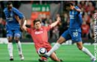
Le cas de Liverpool, cette année, va entraîner une modification du règlement de la Ligue des champions dans le but d'assurer la participation du détenteur du trophée.
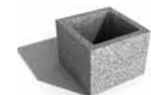
Leier beton pillérzsaluzó elem
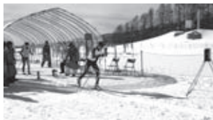
クロスカントリースキー
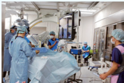
ステントグラフト治療
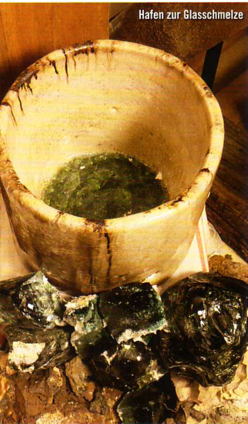
Hafen zur Glasschmelze
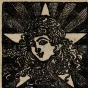
„Salem Aleikum“ Wert und Bild gesetzlich geschützt.
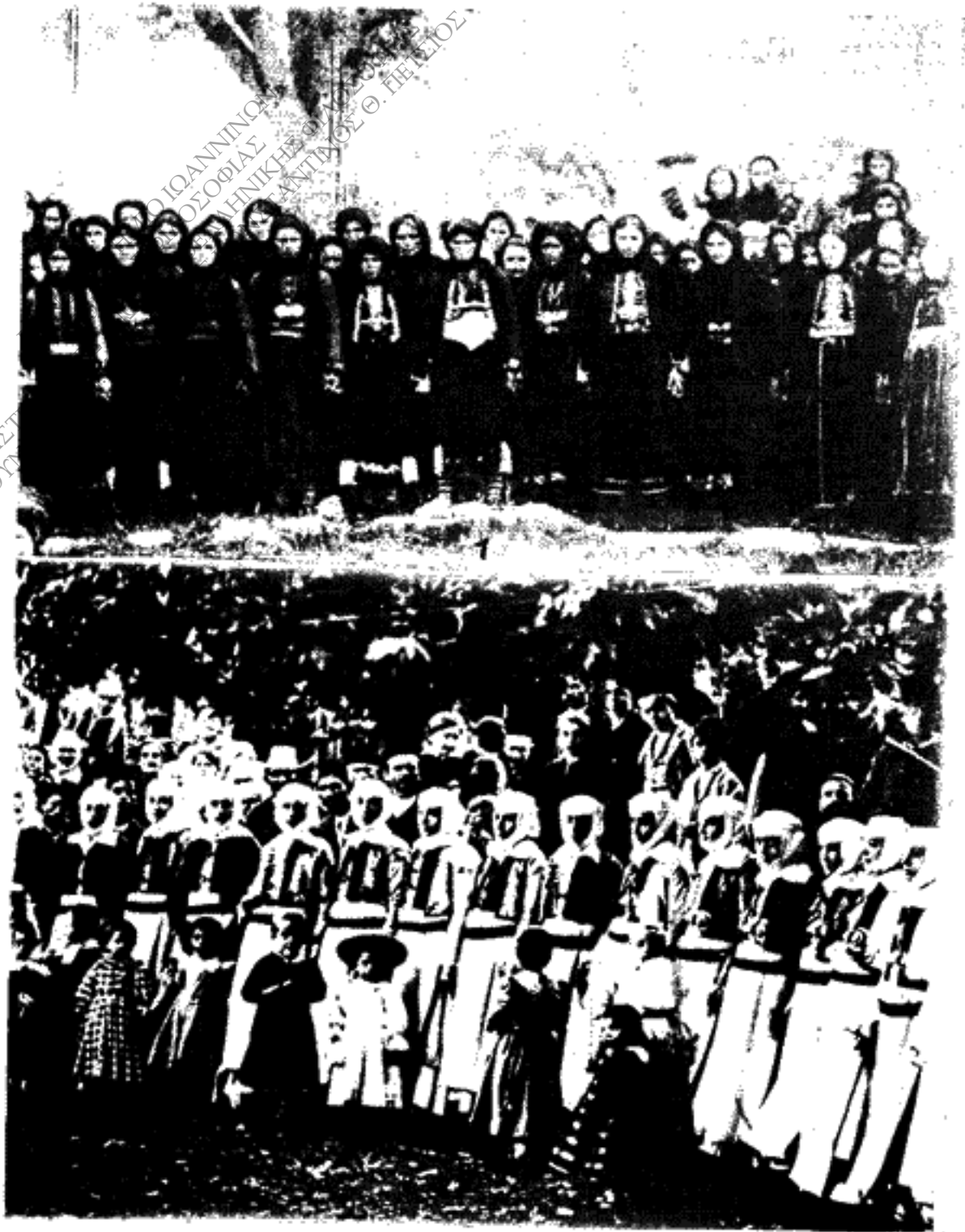
Εικ. 3, ἀριθ. 1.— Ένδυμασία επαρχίας Κουρσέντων, ἀριθ. 2. Ένδυμασία Πωγωνίου.
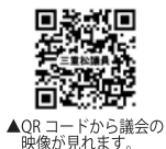
▲QRコードから議会の映像が見れます。
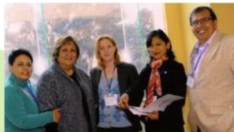
秘鲁项目成员六月会面
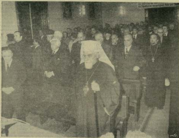
Момент от отварянето на съвместното събрание

дава мир там, където хората биват потискани, експлоатирани финансови и духовно; б) В процеса на реализиране, на възможности за мир възпитанието трябва да играе голяма и важна роля. Възпитанието трябва да служи за духовното осъществяване на хората и народите от Третия свят; в) Възпитателните системи на тези страни са все пак наследство от миналото. Те са се разгъвали до сега в атмосферата на капиталистическото съвещание за мира. Но в края на краищата те са довели хора на събитията до такова ситуация, която не може да се характеризира с издигане и искрен стремеж към мир; г) Ето защо съвременното възпитание от нас концентрира усилията за създаване на едно общество, за чиято развитие и прогрес ще бъдат използвани всички усилия и целият потенциал на хората.
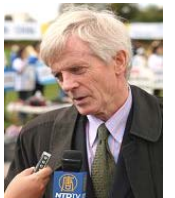
加拿大调查员乔高

【明慧网二零零七年一月十一日】（明慧记者英梓报道）近日，加拿大独立调查员大卫·乔高在渥太华接受媒体采访时表示，在游历三十个国家的首都过程中，已经获得了新的证据证明中共活体摘取法轮功学员器官（下简称：活摘器官）指控的真实性。乔高并表示将最新获得的八至九条新证据加入调查报告，并发表报告的修订本。
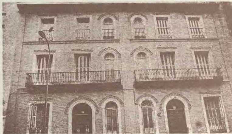
Inmueble de Zurbarán, 24, salvado de la piqueta.

La junta de gobierno aprobó entonces que todo trabajo que se presentara
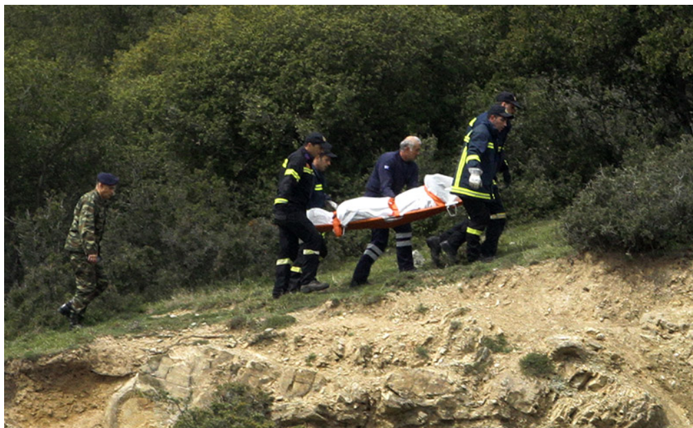
Εικόνα 12 Η ανάσυρση των νεκρών από το μοιραίο Ε/Π ΕΣ 625
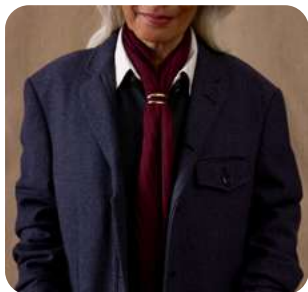
Pura poesía Pasatiempos, moda
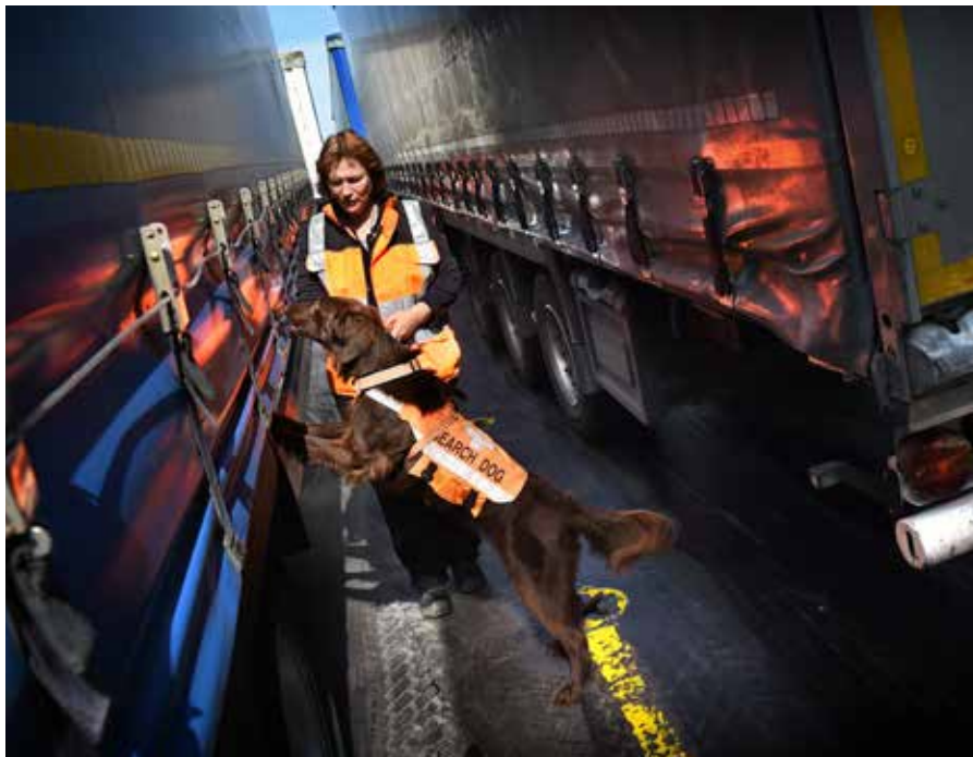
Politiediensten kunnen voor het inzetten van speurhonden en technische middelen een beroep doen op derden.
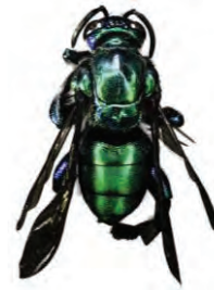
27 Exaerete smaragdina APIDAE

__AIM OF THE TASK__.
Provide an exact copy of only the lines from the beginning of the entries through the line containing "Момент от отварянето на съвместното събрание", both ends included, with no pictures.

__OUTPUT OF THE TASK__.
Le cas de Liverpool, cette année, va entraîner une modification du règlement de la Ligue des champions dans le but d'assurer la participation du détenteur du trophée.
Leier beton pillérzsaluzó elem
クロスカントリースキー
ステントグラフト治療
Hafen zur Glasschmelze
„Salem Aleikum“ Wert und Bild gesetzlich geschützt.
Εικ. 3, ἀριθ. 1.— Ένδυμασία επαρχίας Κουρσέντων, ἀριθ. 2. Ένδυμασία Πωγωνίου.
▲QRコードから議会の映像が見れます。
秘鲁项目成员六月会面
Момент от отварянето на съвместното събрание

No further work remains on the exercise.